#### [Exercise goal]
Word for word, restate the lines from the top of the records below through the line with "Tomohon,Sulutnews.com – Wakil", both included, with no pictures in the result.
▼▼▼
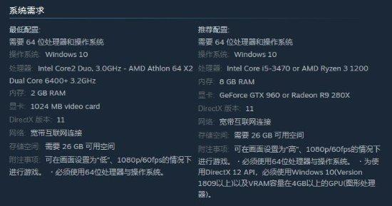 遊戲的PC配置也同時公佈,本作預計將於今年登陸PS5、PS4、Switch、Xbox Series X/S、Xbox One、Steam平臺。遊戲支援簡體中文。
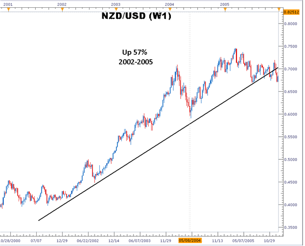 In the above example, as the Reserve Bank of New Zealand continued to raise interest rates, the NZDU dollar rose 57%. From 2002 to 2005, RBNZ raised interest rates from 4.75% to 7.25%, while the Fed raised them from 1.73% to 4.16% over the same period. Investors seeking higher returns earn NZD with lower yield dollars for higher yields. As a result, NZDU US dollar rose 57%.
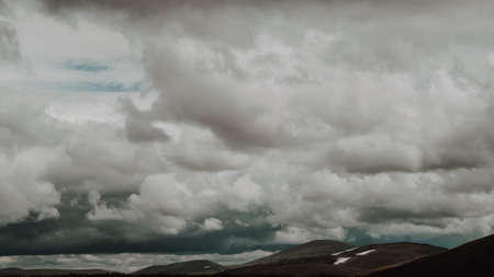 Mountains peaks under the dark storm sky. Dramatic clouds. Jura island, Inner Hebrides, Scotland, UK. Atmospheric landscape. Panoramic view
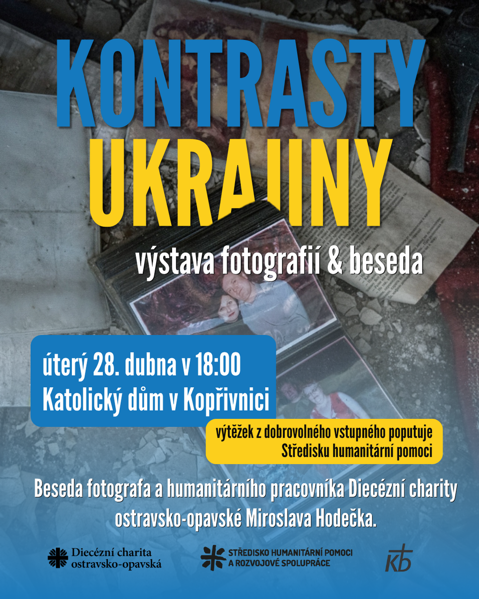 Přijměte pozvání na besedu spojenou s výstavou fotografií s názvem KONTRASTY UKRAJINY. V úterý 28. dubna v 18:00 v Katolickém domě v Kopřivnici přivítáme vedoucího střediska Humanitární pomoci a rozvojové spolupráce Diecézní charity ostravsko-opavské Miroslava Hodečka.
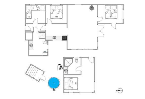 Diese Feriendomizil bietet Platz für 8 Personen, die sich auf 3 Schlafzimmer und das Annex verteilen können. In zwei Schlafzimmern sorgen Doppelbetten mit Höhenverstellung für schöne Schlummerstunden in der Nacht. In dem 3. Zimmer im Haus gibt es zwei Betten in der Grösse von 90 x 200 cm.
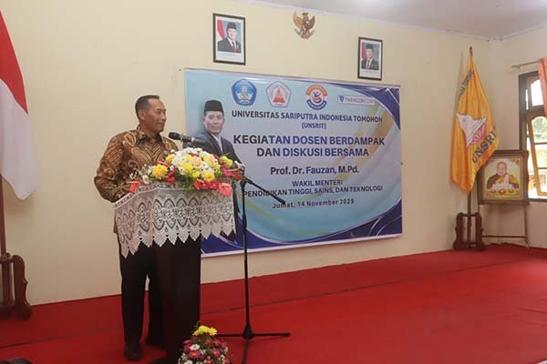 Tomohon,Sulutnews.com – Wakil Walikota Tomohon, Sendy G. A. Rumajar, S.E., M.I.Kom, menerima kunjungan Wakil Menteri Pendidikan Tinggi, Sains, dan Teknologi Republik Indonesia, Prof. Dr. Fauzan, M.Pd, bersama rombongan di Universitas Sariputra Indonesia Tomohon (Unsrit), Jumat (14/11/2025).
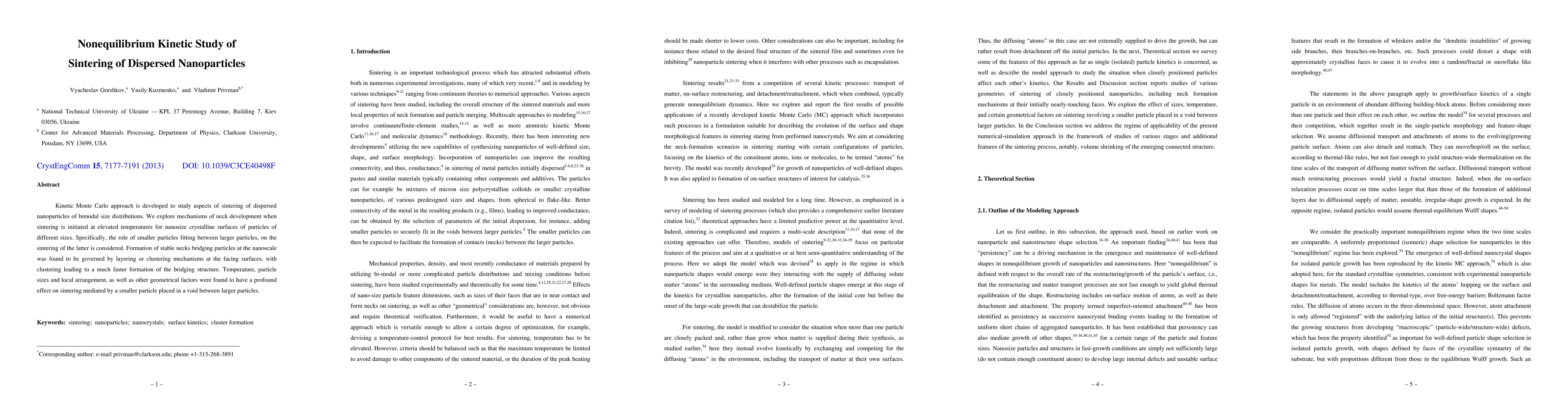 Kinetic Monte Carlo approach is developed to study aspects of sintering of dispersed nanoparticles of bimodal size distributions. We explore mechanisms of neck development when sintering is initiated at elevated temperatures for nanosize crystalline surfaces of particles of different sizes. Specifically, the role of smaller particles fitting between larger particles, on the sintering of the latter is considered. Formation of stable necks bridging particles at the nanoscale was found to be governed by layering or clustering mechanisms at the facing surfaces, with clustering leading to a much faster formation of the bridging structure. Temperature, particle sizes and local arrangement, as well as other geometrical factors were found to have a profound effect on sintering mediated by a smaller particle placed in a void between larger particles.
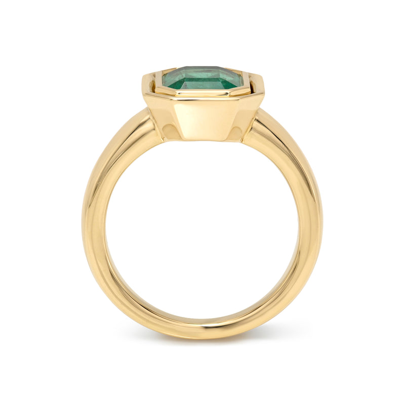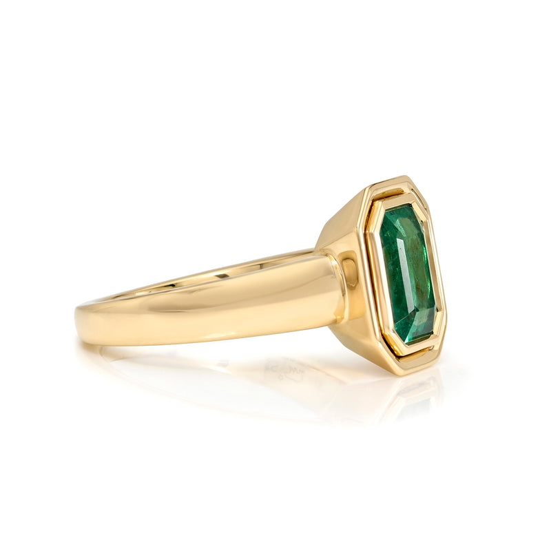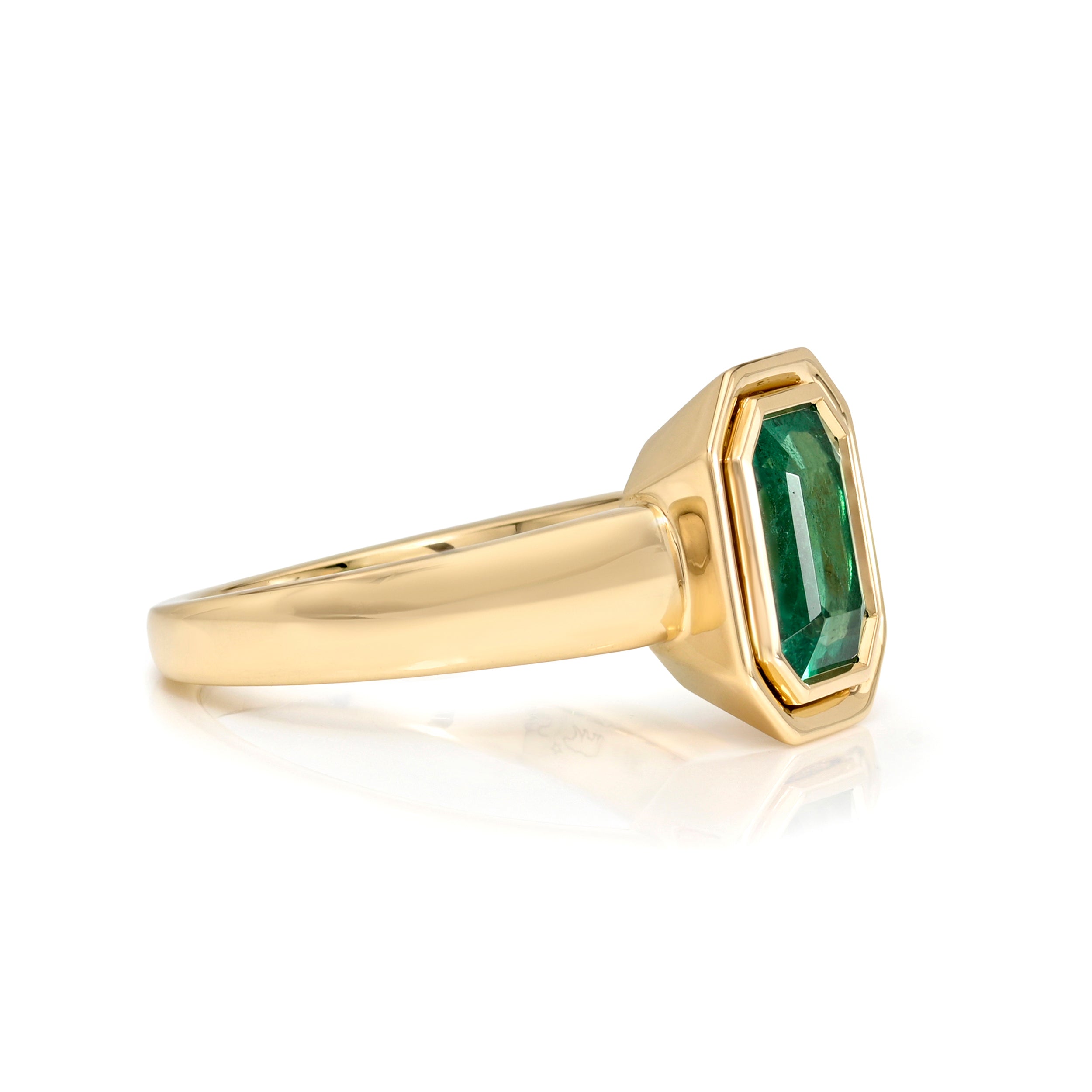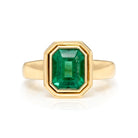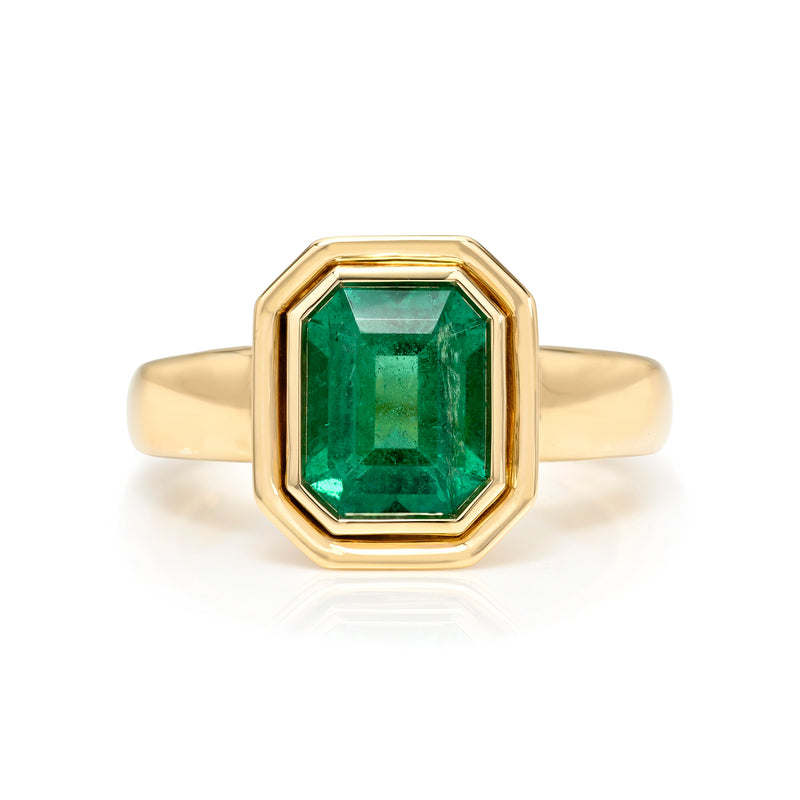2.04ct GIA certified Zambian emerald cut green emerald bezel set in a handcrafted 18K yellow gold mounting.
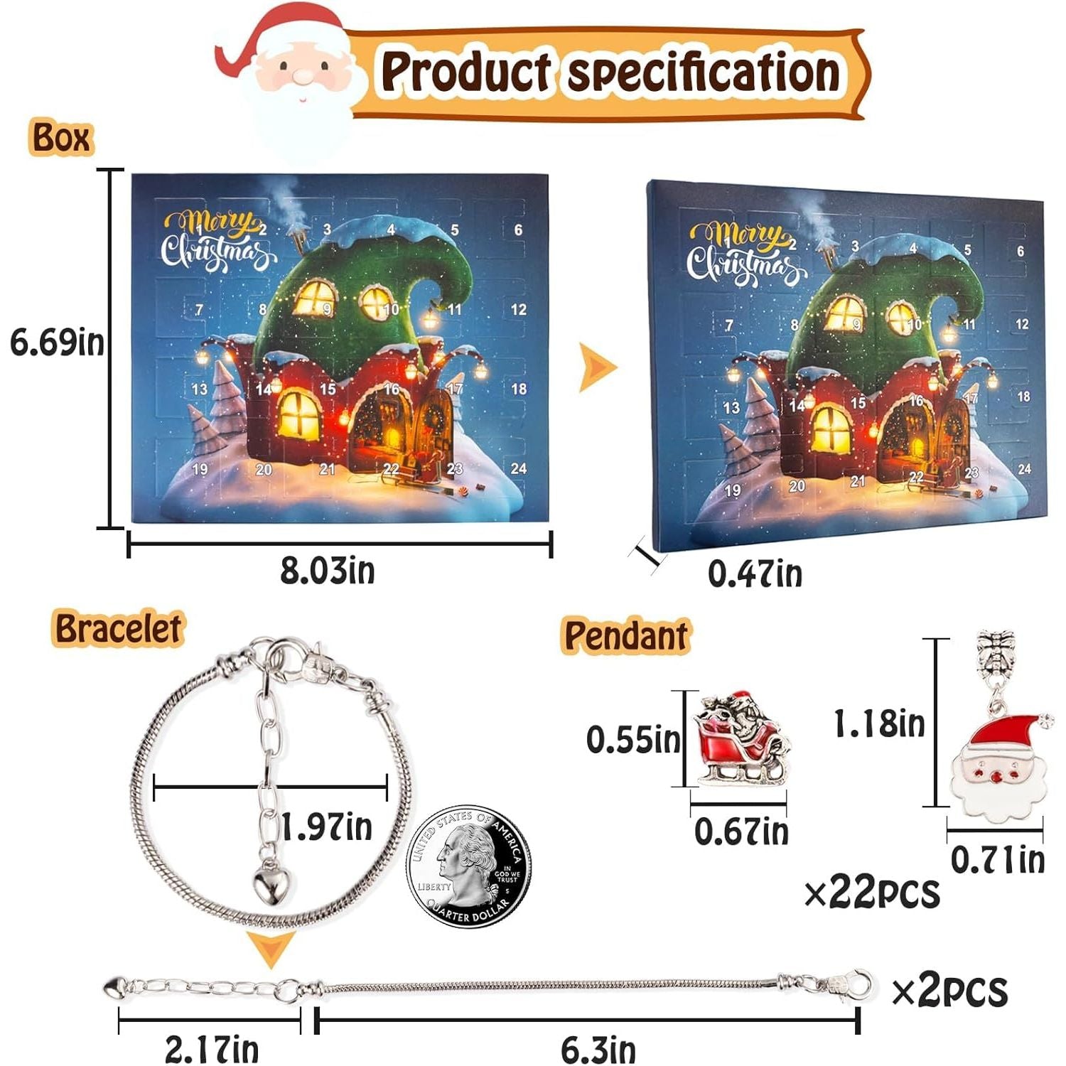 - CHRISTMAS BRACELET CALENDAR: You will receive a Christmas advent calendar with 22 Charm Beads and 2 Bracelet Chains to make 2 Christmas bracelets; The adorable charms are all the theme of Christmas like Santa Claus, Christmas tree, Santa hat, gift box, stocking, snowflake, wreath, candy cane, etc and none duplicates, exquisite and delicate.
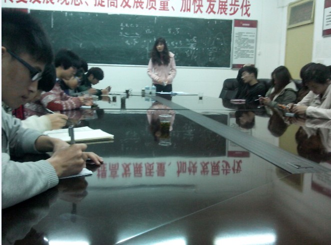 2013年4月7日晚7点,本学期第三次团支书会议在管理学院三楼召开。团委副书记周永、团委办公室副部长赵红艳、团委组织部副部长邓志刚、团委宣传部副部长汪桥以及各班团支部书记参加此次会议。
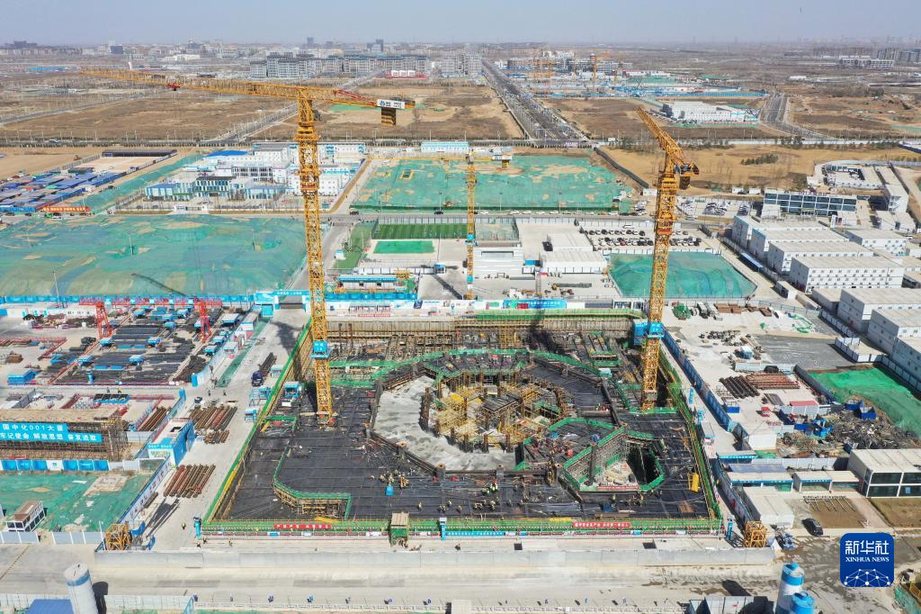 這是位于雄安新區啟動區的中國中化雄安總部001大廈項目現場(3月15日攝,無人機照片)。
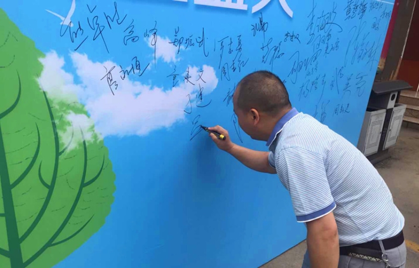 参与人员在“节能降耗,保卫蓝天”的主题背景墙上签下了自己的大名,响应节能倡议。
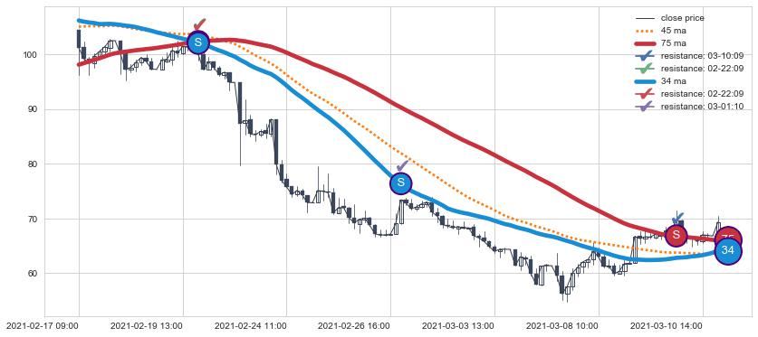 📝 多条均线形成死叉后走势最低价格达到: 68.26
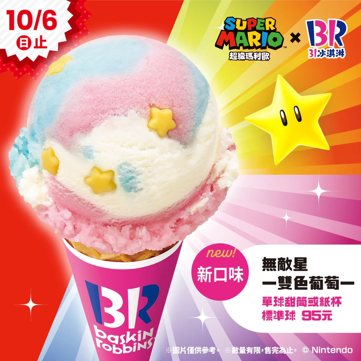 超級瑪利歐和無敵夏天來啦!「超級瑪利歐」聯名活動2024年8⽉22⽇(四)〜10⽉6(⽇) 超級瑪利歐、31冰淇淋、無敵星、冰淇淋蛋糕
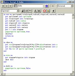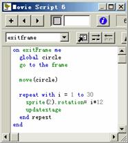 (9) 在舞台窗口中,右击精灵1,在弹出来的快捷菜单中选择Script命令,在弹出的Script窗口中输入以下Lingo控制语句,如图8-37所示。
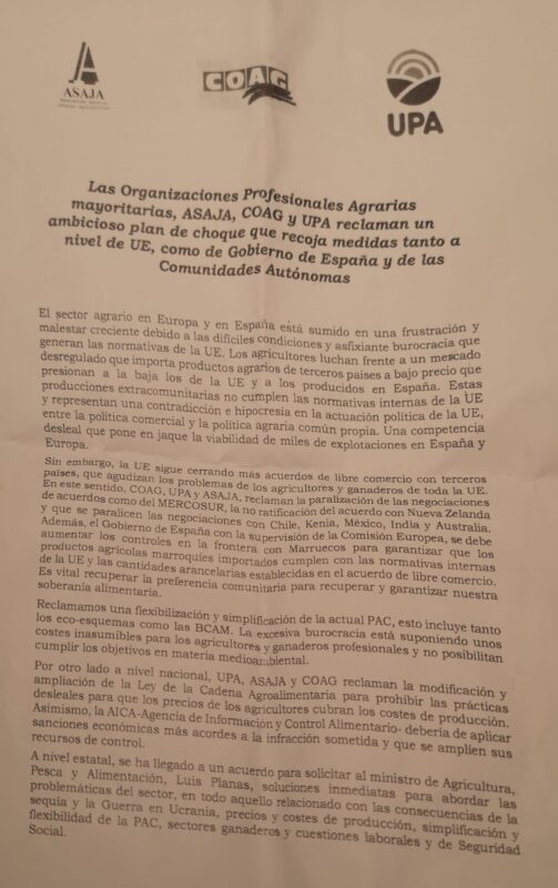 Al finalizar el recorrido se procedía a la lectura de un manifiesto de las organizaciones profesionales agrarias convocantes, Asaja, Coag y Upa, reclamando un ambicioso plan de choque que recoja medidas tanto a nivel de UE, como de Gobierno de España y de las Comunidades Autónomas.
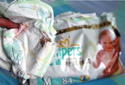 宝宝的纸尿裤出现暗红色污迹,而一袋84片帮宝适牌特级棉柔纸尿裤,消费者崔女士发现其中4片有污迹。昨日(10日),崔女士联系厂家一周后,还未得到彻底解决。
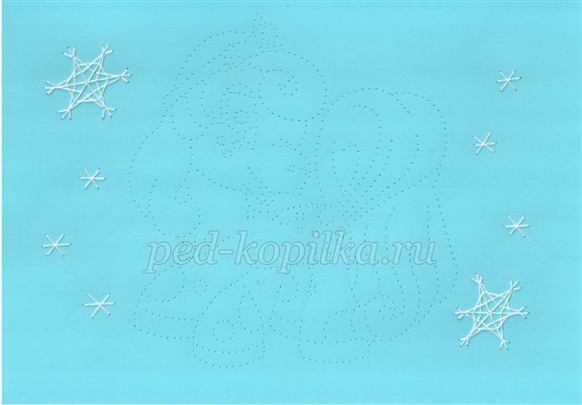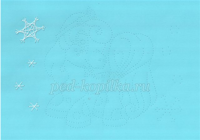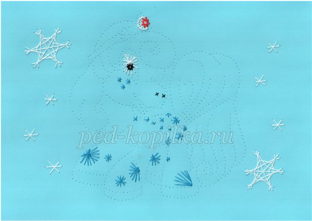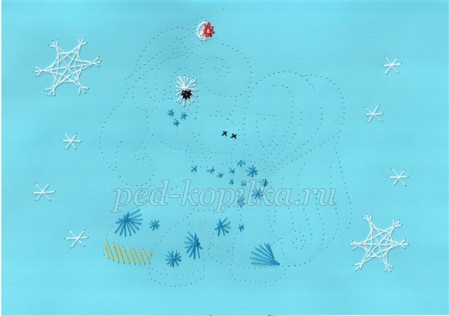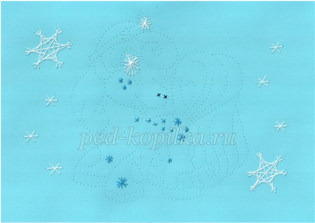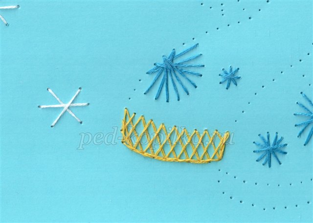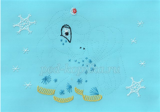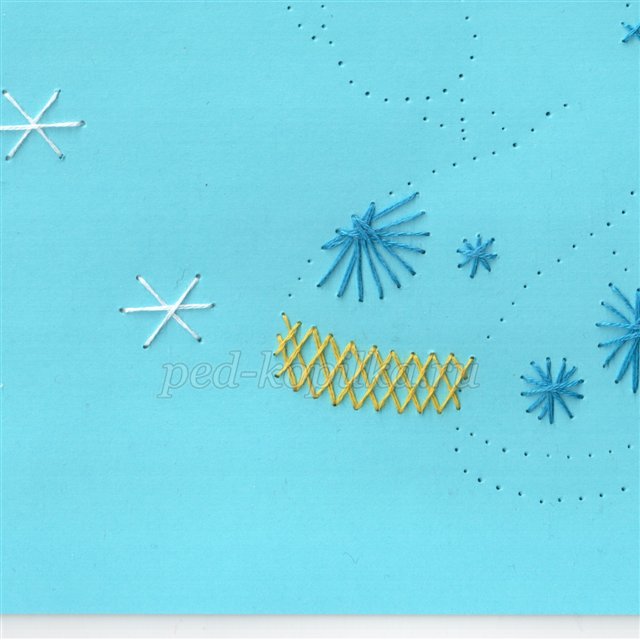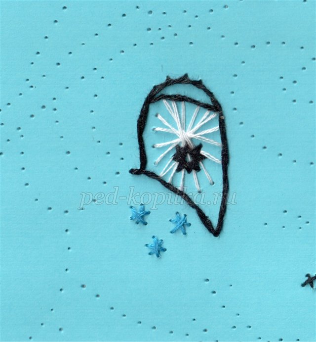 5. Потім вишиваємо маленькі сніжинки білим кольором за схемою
▲▲▲
#### [Response]
 遊戲的PC配置也同時公佈,本作預計將於今年登陸PS5、PS4、Switch、Xbox Series X/S、Xbox One、Steam平臺。遊戲支援簡體中文。
 In the above example, as the Reserve Bank of New Zealand continued to raise interest rates, the NZDU dollar rose 57%. From 2002 to 2005, RBNZ raised interest rates from 4.75% to 7.25%, while the Fed raised them from 1.73% to 4.16% over the same period. Investors seeking higher returns earn NZD with lower yield dollars for higher yields. As a result, NZDU US dollar rose 57%.
 Mountains peaks under the dark storm sky. Dramatic clouds. Jura island, Inner Hebrides, Scotland, UK. Atmospheric landscape. Panoramic view
 Přijměte pozvání na besedu spojenou s výstavou fotografií s názvem KONTRASTY UKRAJINY. V úterý 28. dubna v 18:00 v Katolickém domě v Kopřivnici přivítáme vedoucího střediska Humanitární pomoci a rozvojové spolupráce Diecézní charity ostravsko-opavské Miroslava Hodečka.
 Diese Feriendomizil bietet Platz für 8 Personen, die sich auf 3 Schlafzimmer und das Annex verteilen können. In zwei Schlafzimmern sorgen Doppelbetten mit Höhenverstellung für schöne Schlummerstunden in der Nacht. In dem 3. Zimmer im Haus gibt es zwei Betten in der Grösse von 90 x 200 cm.
 Tomohon,Sulutnews.com – Wakil Walikota Tomohon, Sendy G. A. Rumajar, S.E., M.I.Kom, menerima kunjungan Wakil Menteri Pendidikan Tinggi, Sains, dan Teknologi Republik Indonesia, Prof. Dr. Fauzan, M.Pd, bersama rombongan di Universitas Sariputra Indonesia Tomohon (Unsrit), Jumat (14/11/2025).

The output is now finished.